An advance healthcare directive can be used to designate an agent who has the authority to make healthcare decisions if that individual is unable to. This directive is especially important for unmarried couples given the federal Health Insurance Portability and Accountability Act (HIPAA). This is a law that regulates information that can be shared to protect the privacy of an individual’s healthcare information. An unmarried partner would not be considered a family member under this law. Therefore, they would not be authorized to access protected health information. An advance healthcare directive can specifically identify the patient’s unmarried partner as a person entitled to obtain the information.
Financial Power of Attorney
“Bill was the heir to the Standard Oil name and money”
-Taylor Swift, The Last Great American Dynasty
Similar to an advance healthcare directive, a financial durable power of attorney can be used to allow one partner to manage financial affairs for their partner if their partner is incapacitated. If the unmarried partners maintain separate bank accounts, this may be especially important in the event that one partner is incapacitated and unable to contribute their portion of usual joint living expense. The agent designated under the financial durable power of attorney can also execute contracts. Such contracts include lease agreements, that are necessary to continue the unmarried couple’s lifestyle.
Beneficiary Designations
“Friends break up, friends get married
Strangers get born, strangers get buried
Trends change, rumors fly through new skies.”
-Taylor Swift, Right Where You Left Me
Assets like retirement accounts, life insurance policies, and investment accounts require the account or policyholder to designate beneficiaries. Unmarried couples can update their beneficiary designations to ensure that the designated beneficiaries align with the goals and wishes of the unmarried couple. Without a beneficiary designation, these assets would be distributed according to the California state law on intestate succession.

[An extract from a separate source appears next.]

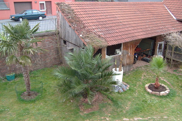 Die Blattspitzen der Washy,die durch einen Styroporturm geschützt waren,sind etwas gelb geworden,aber ich hoffe,dass sie in ihrem 2. Freilandsommer kräftig durchtreibt und viele neue Blätter bekommt.
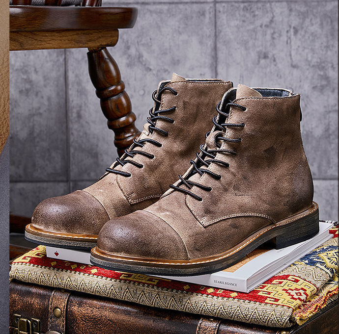 Men's fall and winter mid-top gray round toe solid color men's boots

They would likely not be transferred to the unmarried surviving partner.
Cohabitation and Co-Ownership Agreements
“They say you bought a bunch of land somewhere
Chose the Rose Garden over Madison Square”
-Taylor Swift, The Lucky One
Cohabitation Agreements provide a framework for dividing assets, assigning responsibility for debt, and resolving conflicts that may arise if the couple separates. When a married couple who owns property jointly separates, California law will govern the disposition of that property as part of the dissolution of that marriage. If unmarried couples separate, there is no similar framework to adjudicate their property rights. A cohabitation agreement can reduce potential conflicts in the event that unmarried partners separate. A Co-ownership Agreement, similarly, can allocate and memorialize agreements between the couple regarding contributions to the down payment, mortgage payments, and ongoing maintenance, how to allocate deductions for mortgage interest payments, and outline procedures for buying out a partner’s interest if they wish to sell. Settling these issues prior to the separation can prevent costly civil litigation down the road.
In conclusion, as more couples are deciding to remain unmarried but build a life with their significant other, it seems that the decision is that all’s well that ends well to end up with you. But, having a well-thought-out estate plan for how your assets will be handled that is tailored to your individual relationships and goals will never go out of style.